Information shown =>
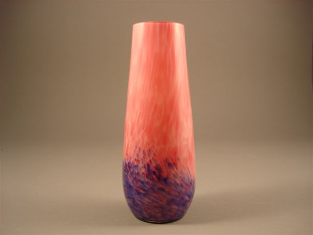 VASE rouleau en verre soufflé moulé rose et bleu nuagé de légères vitrifications intercalaires dans la masse. Col haut et panse renflée.
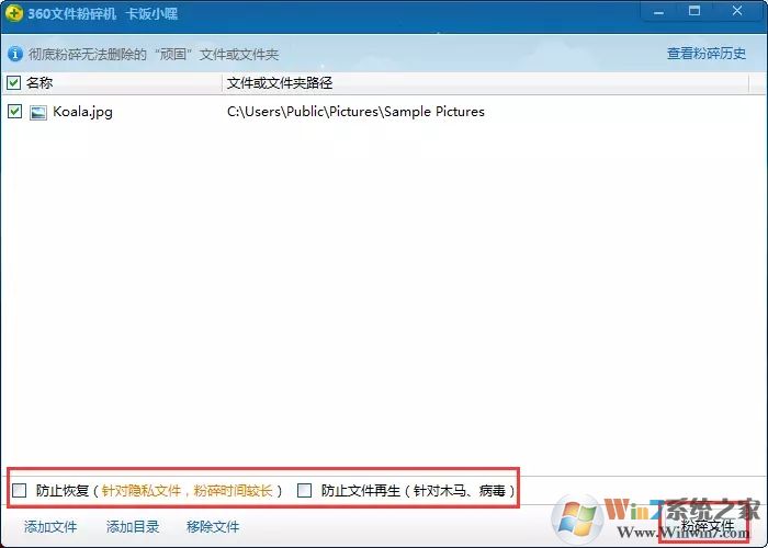 2、點(diǎn)擊“粉碎文件”。在選擇粉碎前還可以勾選防止恢復(fù)(針對(duì)隱私文件,粉碎時(shí)間較長)、防止文件再生(針對(duì)木馬、病毒),勾選后粉碎更徹底,不會(huì)恢復(fù)不會(huì)再生。
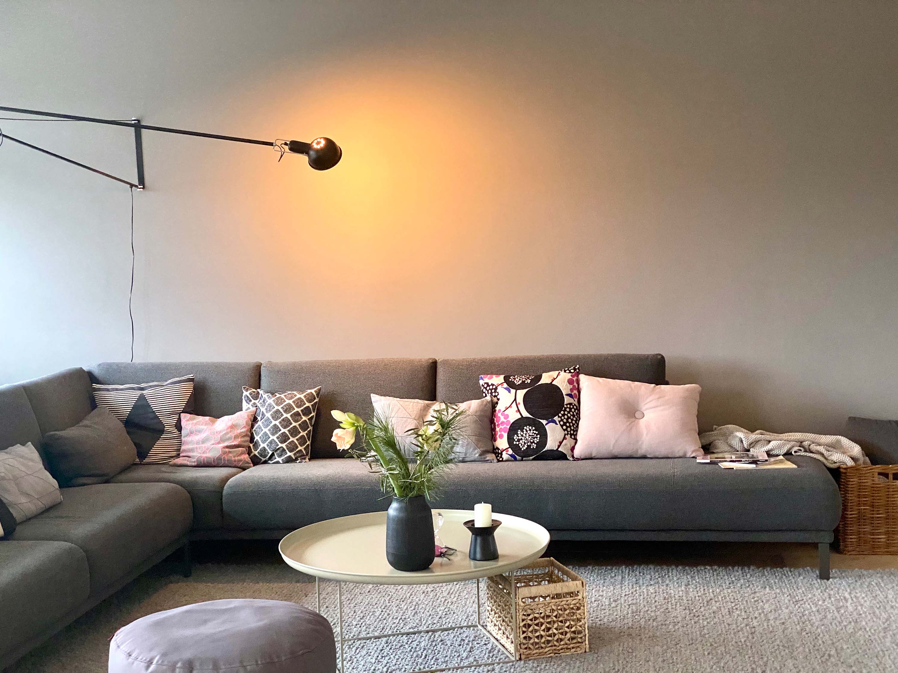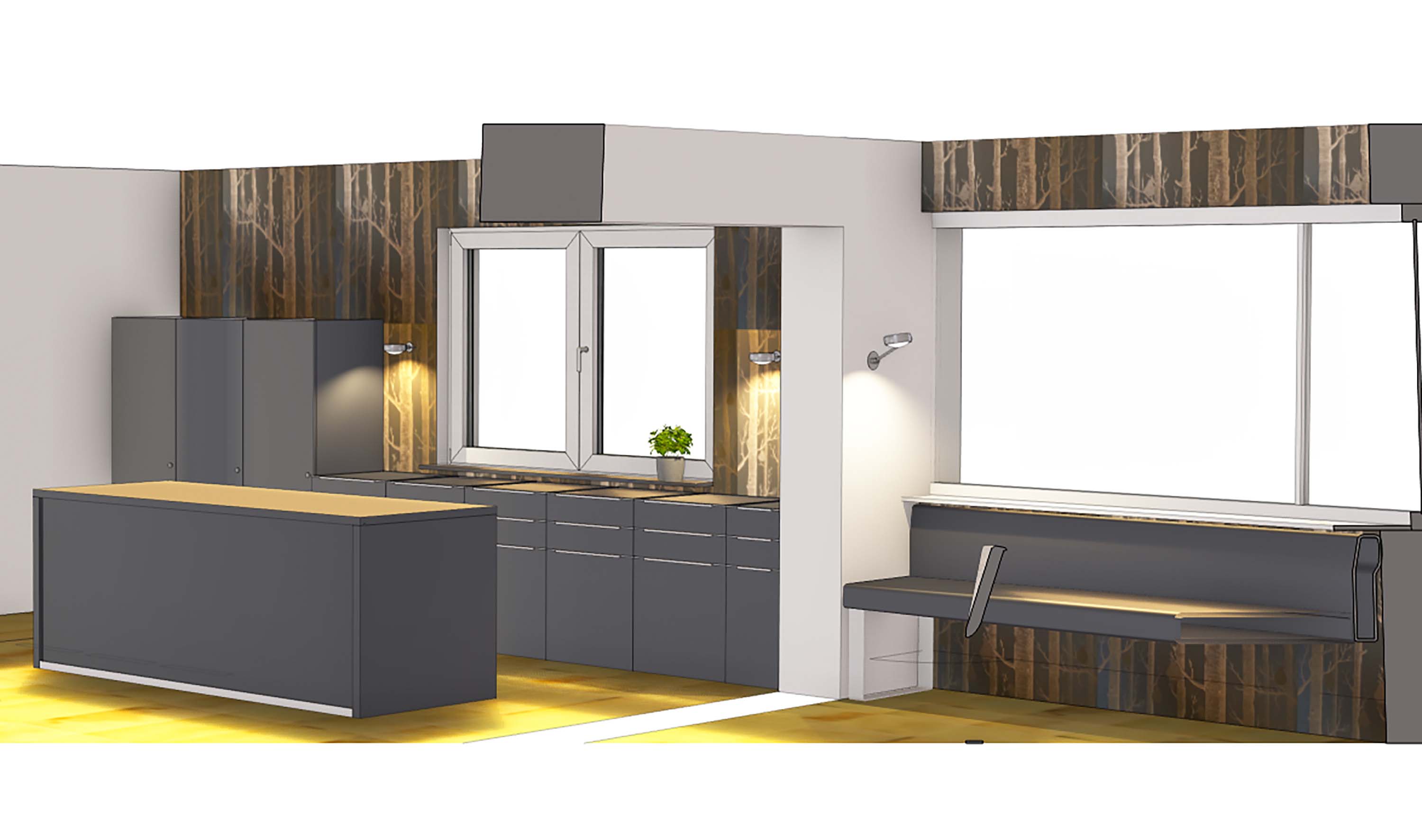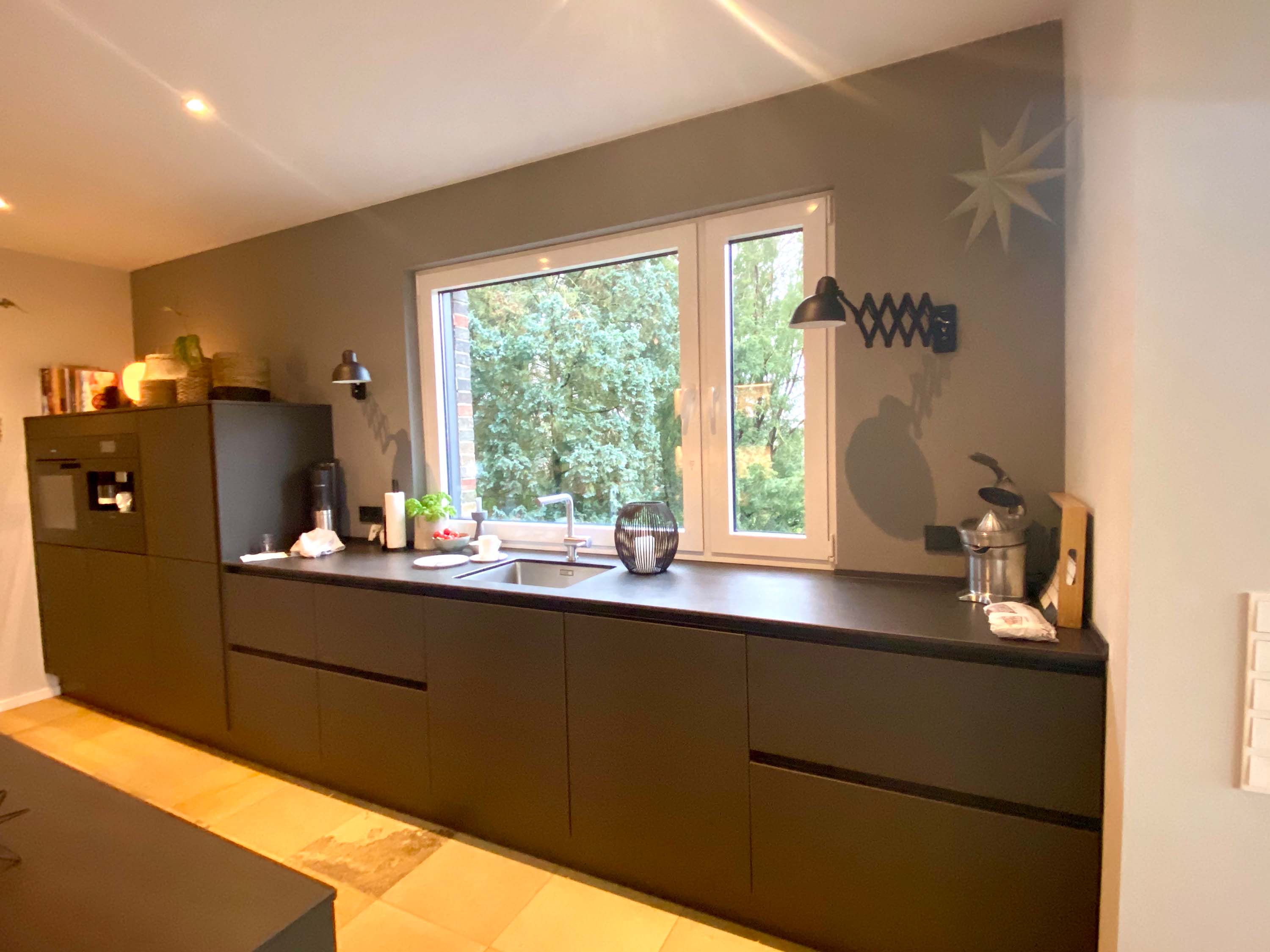 Für die Sanierung einer Wohnung mit sehr großen und somit anspruchsvollen Räumen wurde ein Gesamtkonzept entwickelt, um auf der einen Seite gestalterische Klarheit und gleichzeitig Wohnlichkeit und Behaglichkeit zu erzielen. Eine graue Wand, die sich durch drei Räume zieht und in einer anthrazit lackierten Bank endet, verbindet die Räume optisch miteinander. Das Lichtkonzept mit direkter und indirekter Beleuchtung unterstützt durch „Licht und Schatten” die Atmosphäre. Schließlich bringen Tapeten in ausgesuchten Teilen der Wohnung weitere „Spannung” in die Räumlichkeiten.
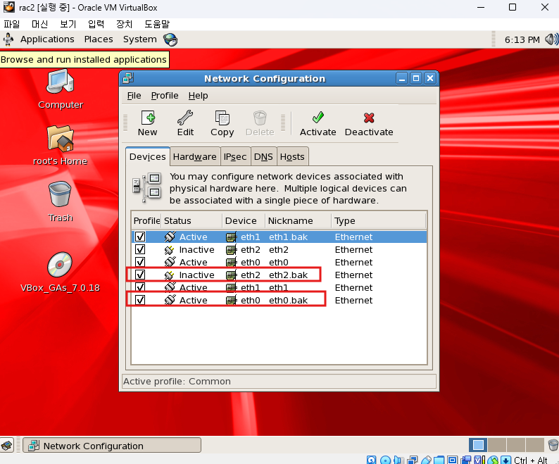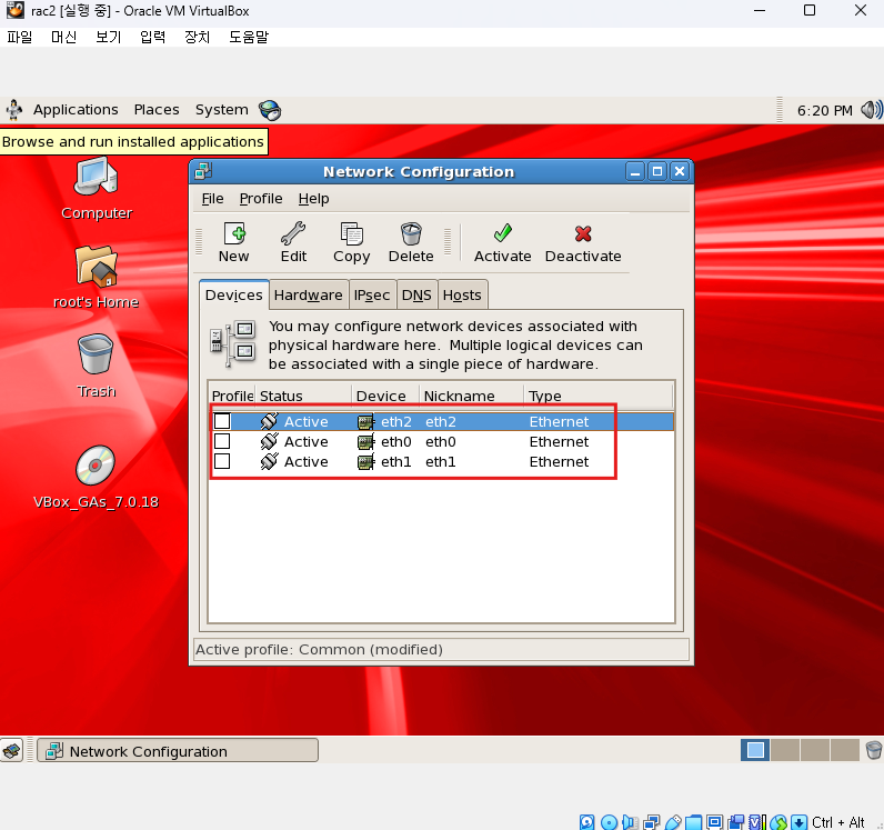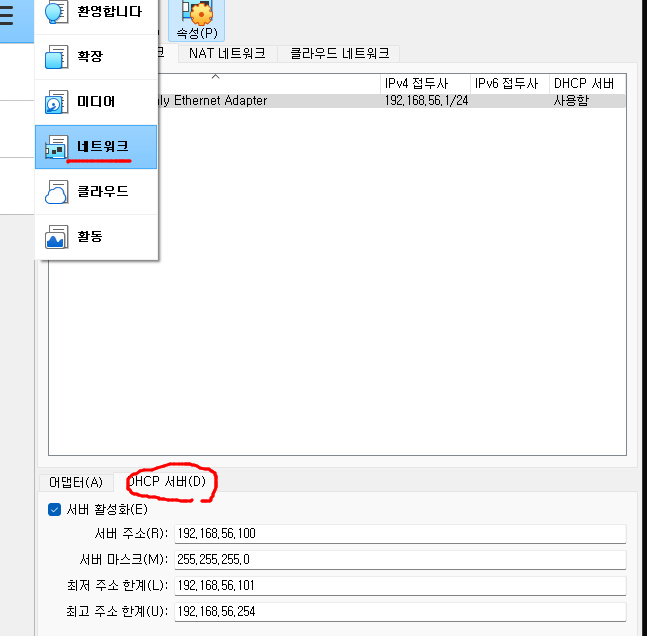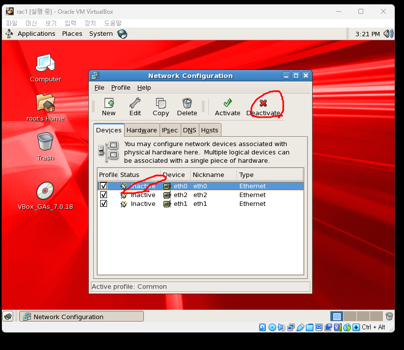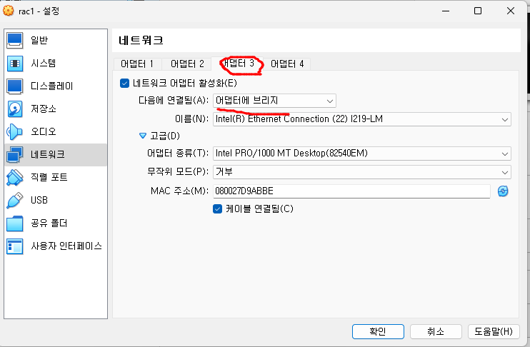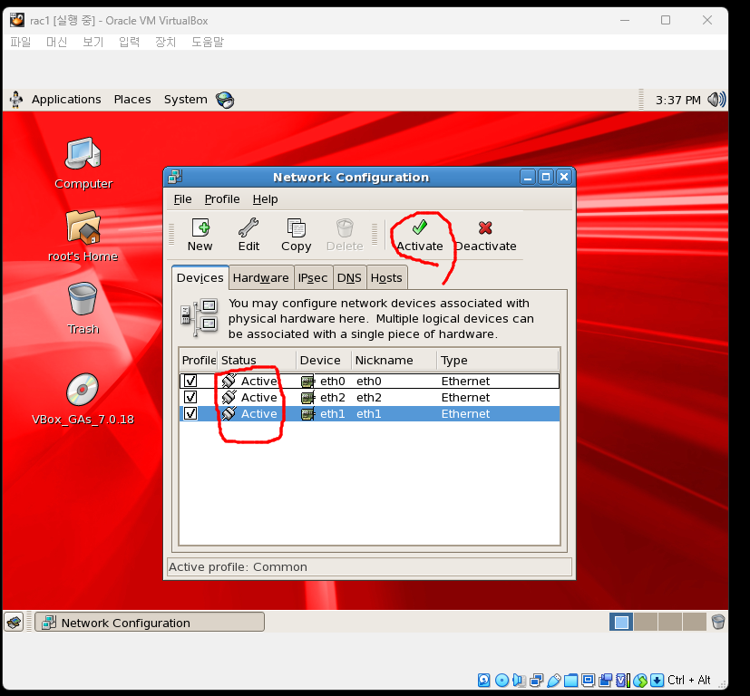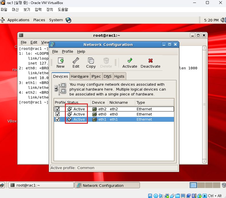 3개 이더넷을 모두 active상태로 변경후 나가기

Required action => For this exercise, transcribe the data exactly but without its pictures.

Written reply =>
 VASE rouleau en verre soufflé moulé rose et bleu nuagé de légères vitrifications intercalaires dans la masse. Col haut et panse renflée.
 2、點(diǎn)擊“粉碎文件”。在選擇粉碎前還可以勾選防止恢復(fù)(針對(duì)隱私文件,粉碎時(shí)間較長)、防止文件再生(針對(duì)木馬、病毒),勾選后粉碎更徹底,不會(huì)恢復(fù)不會(huì)再生。
 Für die Sanierung einer Wohnung mit sehr großen und somit anspruchsvollen Räumen wurde ein Gesamtkonzept entwickelt, um auf der einen Seite gestalterische Klarheit und gleichzeitig Wohnlichkeit und Behaglichkeit zu erzielen. Eine graue Wand, die sich durch drei Räume zieht und in einer anthrazit lackierten Bank endet, verbindet die Räume optisch miteinander. Das Lichtkonzept mit direkter und indirekter Beleuchtung unterstützt durch „Licht und Schatten” die Atmosphäre. Schließlich bringen Tapeten in ausgesuchten Teilen der Wohnung weitere „Spannung” in die Räumlichkeiten.
 3개 이더넷을 모두 active상태로 변경후 나가기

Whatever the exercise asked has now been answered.